As an example, here is a rewrite of the earlier BascomTask add
task example embedded in a Conductor class:
xxxxxxxxxx
public class Conductor {
private Orchestrator $ = Orchestrator.create();
private final CompletableFuture<Integer> a1;
private final CompletableFuture<Integer> added;
public Conductor(int input) {
TaskImpl task = new TaskImpl();
a1 = $.task(task).compute(1);
CompletableFuture<Integer> a2 = $.task(task).compute(2);
added = $.task(task).add(a1,a2);
}
public CompletableFuture<Integer> getA1() {
return $.activate(a1);
}
public CompletableFuture<Integer> getAdded() {
return $.activate(added);
}
}
The wiring is done in the constructor in this example though it might also be broken out into separate wiring methods. The constructor takes an integer input, which for service implementations might come from a query parameter or equivalent (if that parameter was needed elsewhere it could also be stored and exposed with a getter, making a Conductor a useful place to propagate such inputs). Otherwise, only the values that are intended to be shared need be stored and exposed with getters, including CompletableFuture
results from task methods. In this example, a2
is part of the wiring but need not be exposed externally so it is not saved.
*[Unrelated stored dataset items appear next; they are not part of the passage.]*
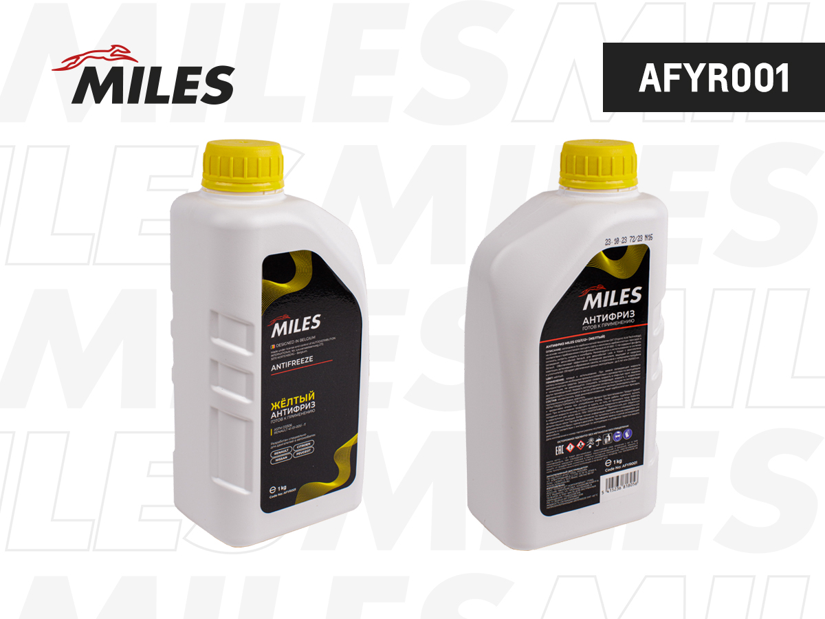 AFYR001 MILES Антифриз готов к применению G12/G12+ (жёлтый, SUPER LONG LIFE COOLANT -40C) 1 к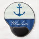 Nautical Blue Stripes Pattern Anchor Custom Name Gel Mouse Pad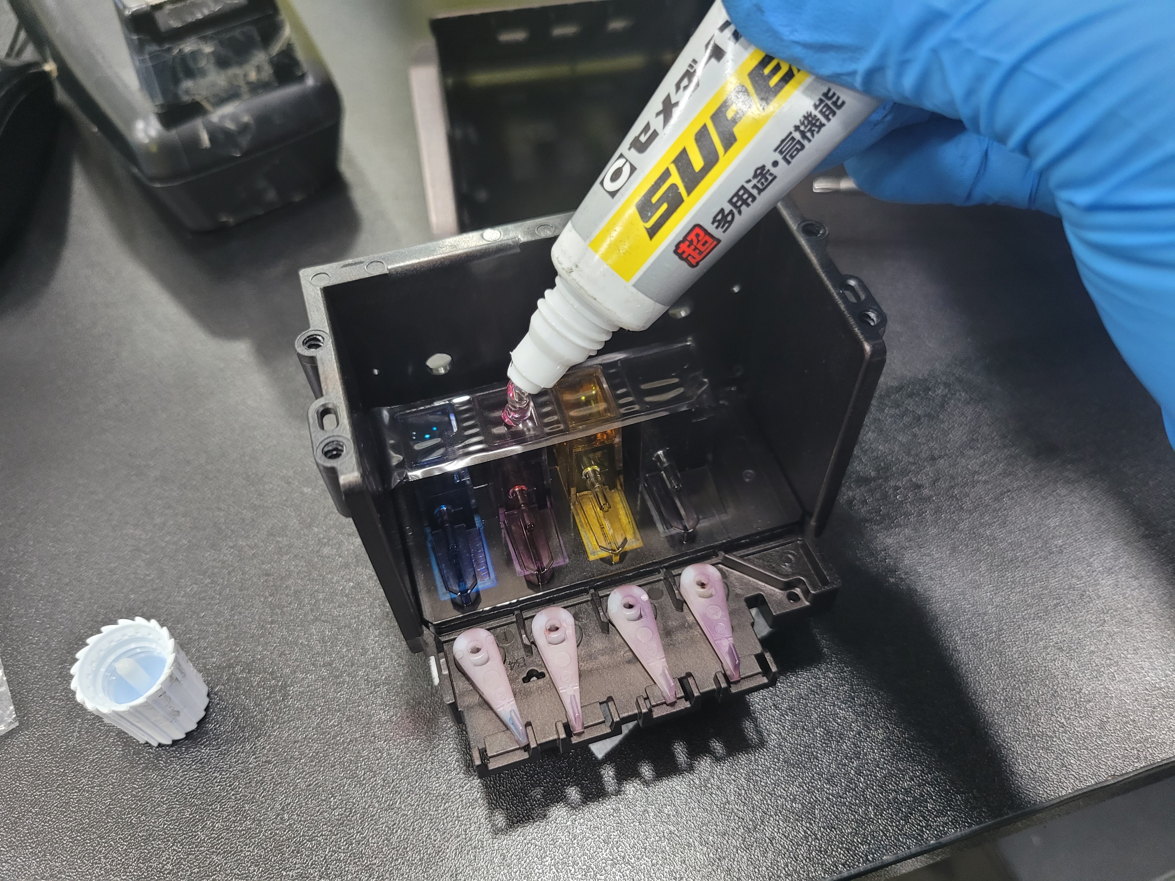 ● HP 962 프린터 헤드 챔버 터짐 탄성접착제 도포 및 테이핑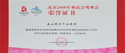 第二十九届奥林匹克运动会组织委员会为bellbet贝博BB集团颁发北京2008年奥运会残奥会荣誉证书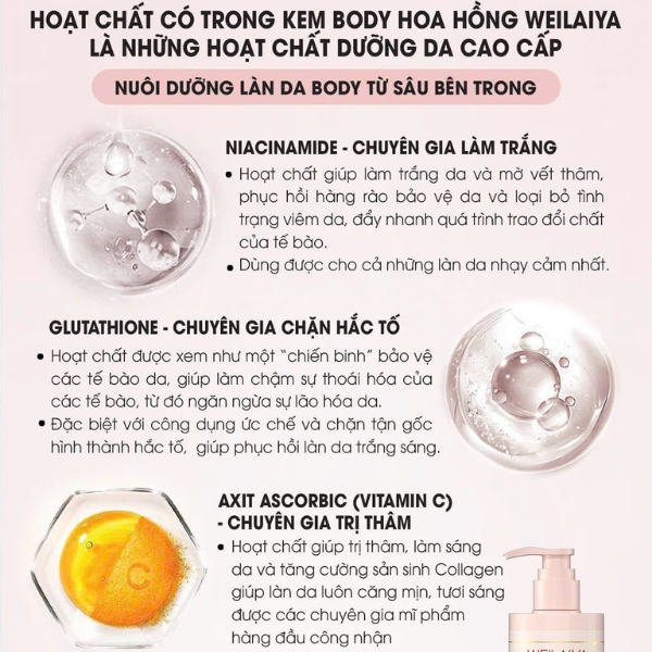 Thành phần chính và công dụng nổi bật Kem dưỡng trắng da body hoa hồng WEILAIYA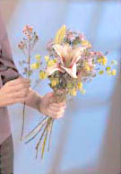 Use a crisscross motion to create your bouquet. Build the bouquet as follows: Begin with one stem of Stargazer lily. Then, add tow stems of phlox, one on each side of the lily. Next, add two stems of bupleurum between each stem of phlox. Then evenly add four stems of waxflower.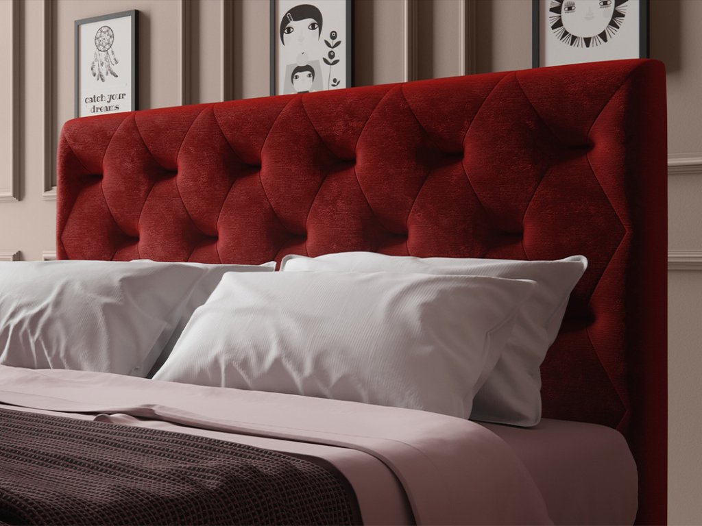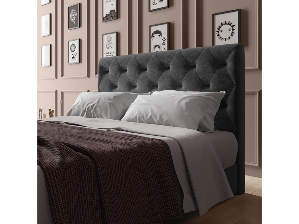 Čalúnené čelo postele FREYA sa tyčí vysoko ako taká láskavá nočná hliadka, ktorá stráži Váš spánok a sny.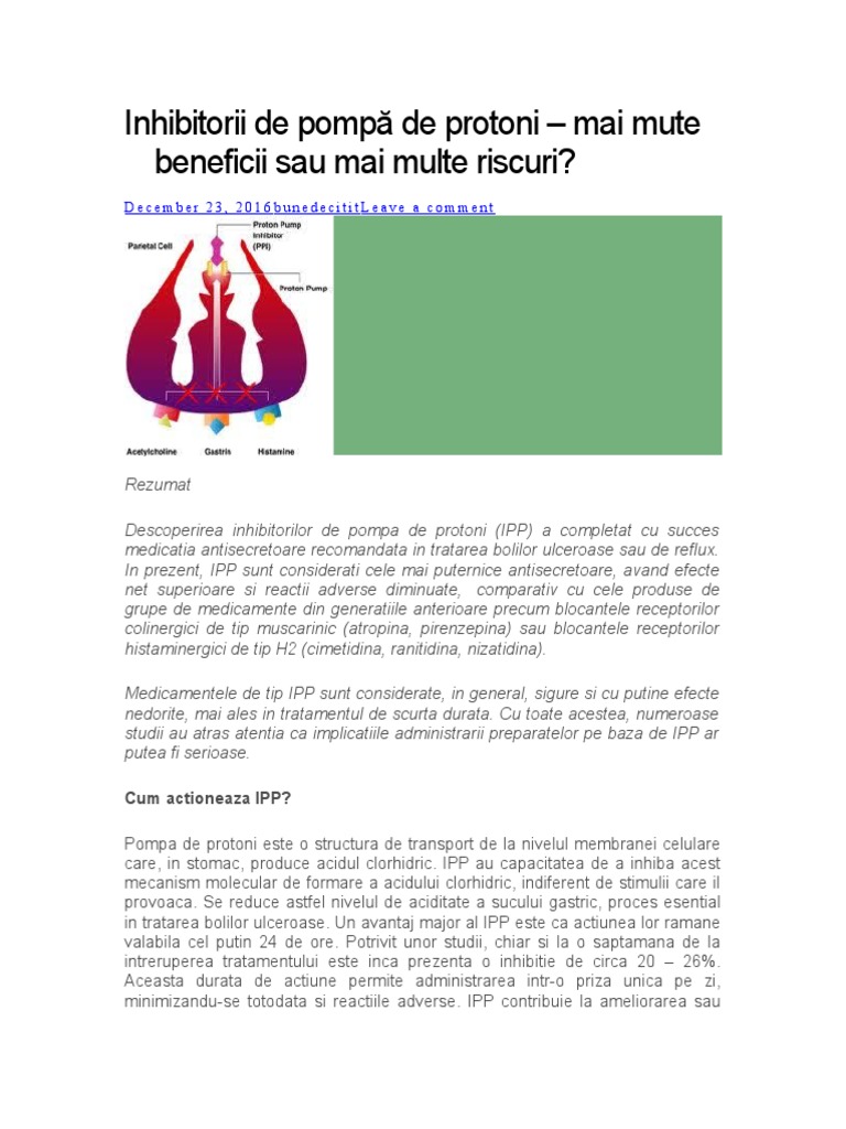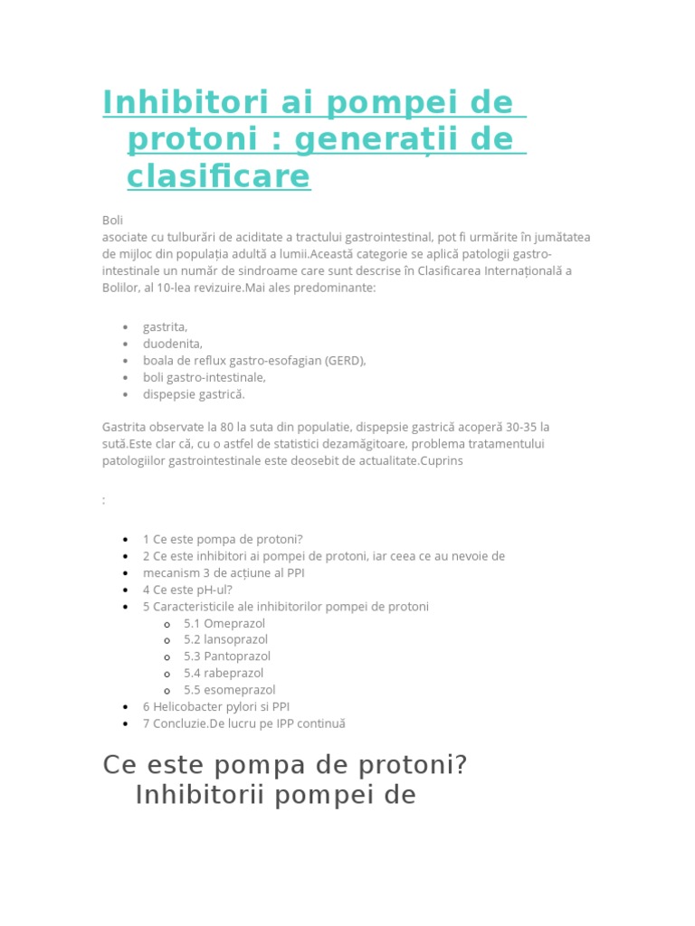 Boala de reflux gastroesofagian hernie hiatala inhibitor de pompa de protoni prof. Inhibitorii pompei de protoni sunt cei mai potenți agenți de reducere a secreției gastrice depășind ca și utilizare. Preparatele din pompa de protoni sunt administrate pe cale orală sub formă de tablete sau capsule substanță medicamentoasă din stomac intră în intestinul subțire sunt dizolvate și absorbite în fluxul sanguin care transporta prima moleculă de inhibitor în ficat iar apoi acestea se încadrează în celulele parietale ale mucoasei gastrice unde se pot acumula în tubulii secretoare. Proton pump inhibitor.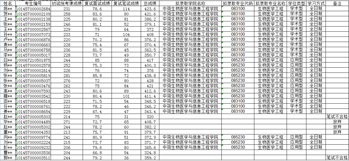 2017年中荷生物医学与信息工程学院硕士研究生二次调剂成绩及录取结果(更新)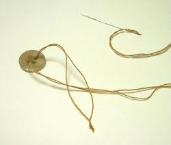 2008/10/27 Category : ちょっと技 ボタン付け たま結びを隠すボタン付け。針に通した先の糸をぐーうと引っ張り、おしりの糸と合わせてたま結びして、糸を2本どりにします。ボタンに針をとおし終わったら、糸が、わっかになってるところに針をくぐらせます。ぎゅーっと糸を引っ張って、この状態でボタンを付けるとたま結びが隠れるので仕上がりが綺麗です。 にほんブログ村[0回]

When exposed through getters, CompletableFuture
s can be returned directly or after having been activated. The latter choice is typical, as in the example above, because it allows callers to apply chaining methods such as thenApply()
without themselves having to deal with activation or even being exposed to or aware of BascomTask at all.
Summary
The predominant mechanism for managing asynchronous Java threads is CompletableFuture
s, which have extensive support for parallelization and chaining, but are not ideal when used as the primary structuring mechanism to manage execution at the task level. BascomTask compliments CompletableFuture
s by adding a task focus, simplifying the wiring and management of tasks and providing unique task-focused features.
BascomTask provides a low-friction way to exploit parallel task execution that is a common need for microservices. It is end-to-end asynchronous, which is important for high-volume services without requiring blocking threads at any level. It is lightweight, highly performant, feature-rich, and takes a minor effort to add to or remove from your code.
Complex service implementations may benefit from the Conductor Pattern in conjunction with BascomTask. Together, they provide highly efficient and effective resolution of the "at most once but only once" problem.